The new version is: “Promises are meant to be broken.”

Edushyster has done it again.

Here, Edushyster defends Joel Klein against the outrageous claim that Rupert Murdoch is trying to make a profit by selling lots of stuff to the schools. It’s all about collaboration. It’s all about replacing teachers with technology to help with budgetary issues. It’s all about reform.

If you ask leading privatizers where are the examples of success for their theories, they will surely point to New York City.

Surely you heard about the “New York City miracle.” Australia is redesigning its national system because of the success of the alleged miracle.

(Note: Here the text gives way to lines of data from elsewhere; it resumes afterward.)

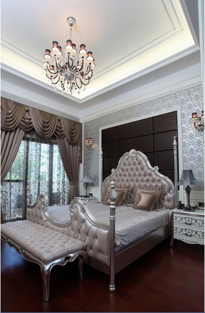 主臥:主臥大面積搭配銀色墻布,再間以近色的家具等,雍容大方,舒適奢華,突顯主人年輕時(shí)尚華貴的品味。而父母房、客房,兩種略顯厚重顏色搭配,亦是另外一種尊貴氣氛。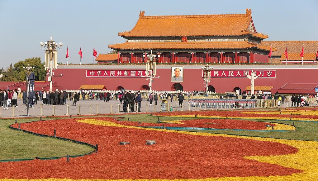 北京:天安门广场绿地首次“彩妆”过冬
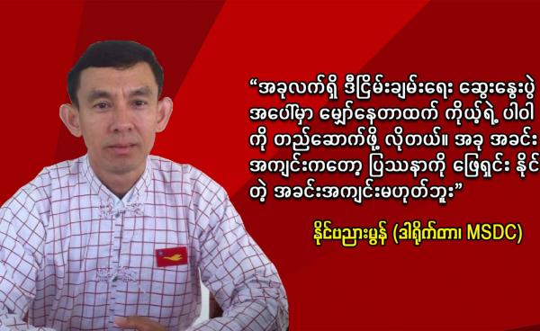 “အခုလက်ရှိ ဒီငြိမ်းချမ်းရေး ဆွေးနွေးပွဲအပေါ်မှာ မျှော်နေတာထက် ကိုယ့်ရဲ့ ပါဝါကို တည်ဆောက်ဖို့ လိုတယ်။ အခု အခင်းအကျင်းကတော့ ပြဿနာကို ဖြေရှင်း နိုင်တဲ့...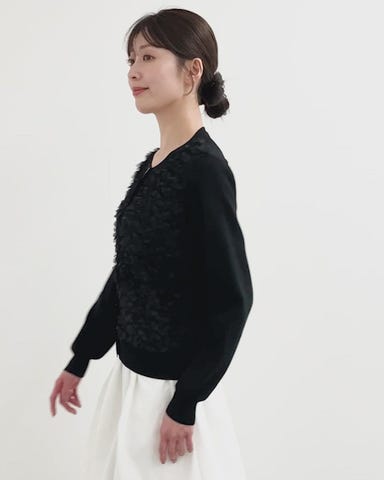 ・フロントに立体的な花モチーフをあしらった存在感のあるカーディガン。

But what about New York City? More than 100 schools closed, and hundreds of new schools opened. More than 100 new charters. School report cards. Testing and accountability. Constant evaluation and data-based-decision-making.

As New Yorkers know, the claims of a “New York City miracle” collapsed in 2010 when the State Education Department acknowledged that it had lowered the passing mark on state tests. When the scores were recalibrated, the miracle went up in smoke.

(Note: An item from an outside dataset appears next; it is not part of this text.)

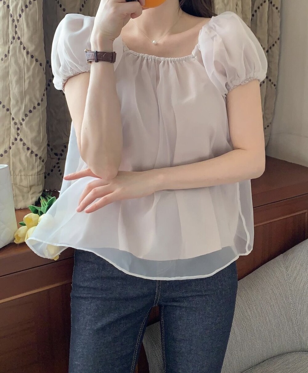 러블리한 퍼프 셔링 소매로 미운 팔뚝살도 쏙 감춰주며

Now the people of New York City weigh in. A new Marist poll finds that 49% of New Yorkers say that the public schools are worse now than 20 years ago; only 23% say they are better. The rest are undecided.

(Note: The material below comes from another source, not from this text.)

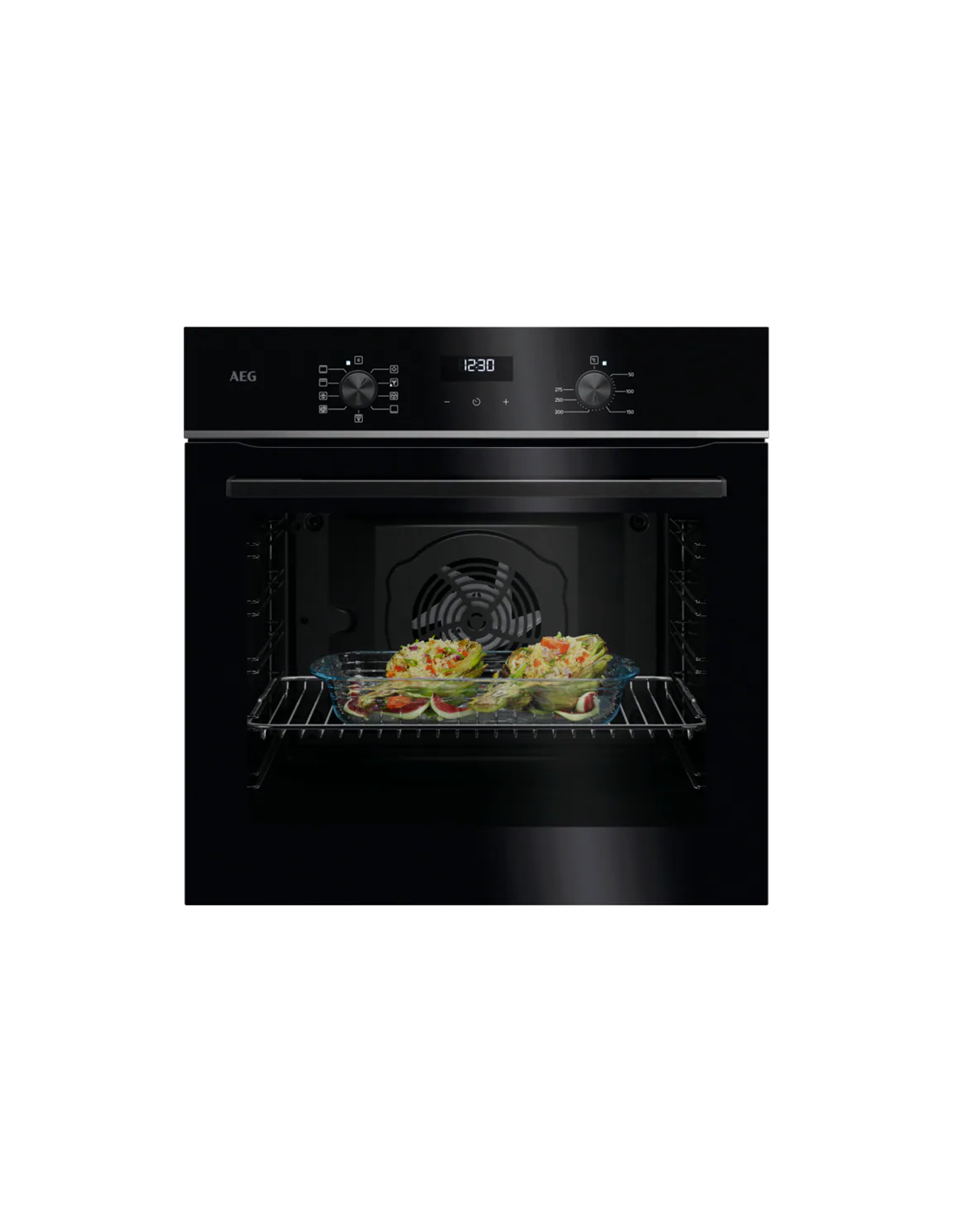Horno MF indep. Aeg TU5AB21FSB, Serie 5000 SurroundCook, 72L., 60cm, Cristal Negro con perfil Inox Infinity y tirador Negro anodizado, A+, Aqua Clean, 9 Prog, Display LED, mandos escamoteables, Carril 1 nível

Why so much public discontent? Budget cuts. Overcrowded classrooms. Charter co-locations pitting parents against parents.

After a decade of privatization and high-stakes testing in NYC, the public is fed up. And the miracle is gone.

PS: Would someone let the Australian government know?

Mike Petrilli of the conservative Thomas B. Fordham Institute summarizes “What’s Next” for reformers (some prefer to call them privatizers).

Race to the Top was a great coup for the privatizers/reformers.

Now they plan to follow up with a direct assault on schools of education, abetted by NCTQ’s forthcoming rankings, to be published by US News. NCTQ was created by the Thomas B. Fordham Foundation a dozen years ago, and saved at the outset by a $5 million grant from Secretary of Education Rod Paige. In 2005, it got caught up in a federal investigation for taking money from the Department to speak well of NCLB. Read here to learn more about NCTQ.

The privatizers intend to move on principal evaluation, to make it more like teacher evaluation (test scores matter).

Pension reform will be high on their agenda.

Privatizers will promote digital learning by removing seat time requirements and following the guidance of former Governor Jeb Bush on this subject. No mention is made of the negative evaluations of cyber charters, both by Stanford’s CREDO and the National Education Policy Center, or of exposes that appeared in the New York Times and the Washington Post about the awful performance of cyber charters.

Gird your loins, folks, the privatizers are flush with victories in Wisconsin, Louisiana, Ohio, Michigan, Maine, Florida, and other states, and they are coming back to do some more reforming.

Readers of this blog know that we are collecting letters to send to President Obama by October 17.

Please join us in opposing high-stakes testing and privatization.

We call this action the Campaign for Our Public Schools.

Instructions on where to send your email are here.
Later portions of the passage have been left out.